Now for your listening pleasure, here’s some music from some of the performers we enjoyed the most.
Caitlin Rose - Shanghai CigarettesMorveren's Lullaby by Isobel Anderson
The Bees - I Really Need Love
2 comments:
Excellent summation, mirrors some of my own experiences although I was too 'exhausted' to see as many bands as i had planned.... the mud really was awful, it was like wading through thick treacle with boots of concrete... and the sickly sweet smell really turned my stomach ........
Very sad to hear about the reaction to Caroline Lucas though. The sort of clientele that Glastos has increasingly been attracting of late aint real into the ethos of the fest which did make it special. Glasto has become almost a place to be seen at along with Wimbledon etc for certain sections of society.... It’s still undoubtedly ‘got it’ but I do think it needs to work on a number of things. Get back to it’s roots.
I did see a remarkable number of people leaving early this year . Was it the medieval conditions? The mud ? Or something more sinister......? Being from Liverpool I’m quite happy to repeat a conversation with a friend because a/ it made me laugh and b/ I saw evidence of it myself. She said “went to London on the train on Sunday. A whole load of people got on the train at Reading having come from Glastonbury.

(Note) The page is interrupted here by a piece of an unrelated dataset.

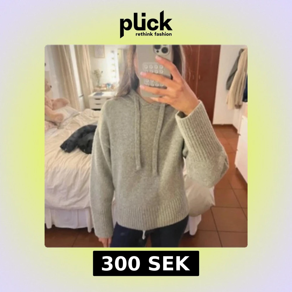 Mysig grå stickad hoodie med huva och snörning. Tröjan har långa ärmar och breda ribbade muddar vid ärmslut och nederkant. Skriv för funderingar eller fler bilder
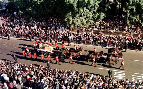 她的葬礼就像她的婚礼一样,被全世界观看。当威廉王子和哈里王子向他们的母亲道别时,人们再次流下了眼泪。

Someone asked why they had left and this one guy said," it was horrible, full of scousers who'd bunked in for free".
Glastonbury in a nutshell.
My highlights being, Ed Sheeran in the Croissant Neuf solar powered tent (Norwich lad made good), pleasantly suprised by U2 (I thought I didn't like them anymore - and welcomed both Out Of Control and I will Follow), Morrissey, Pulp (worst kept secret),John Grant up at the Park (woefully underrated)and BAD. Also enjoyed the Wombles (especially the way men and women of a certain age still remember all the lyrics) and the unveling of Chris Spedding as guitarist.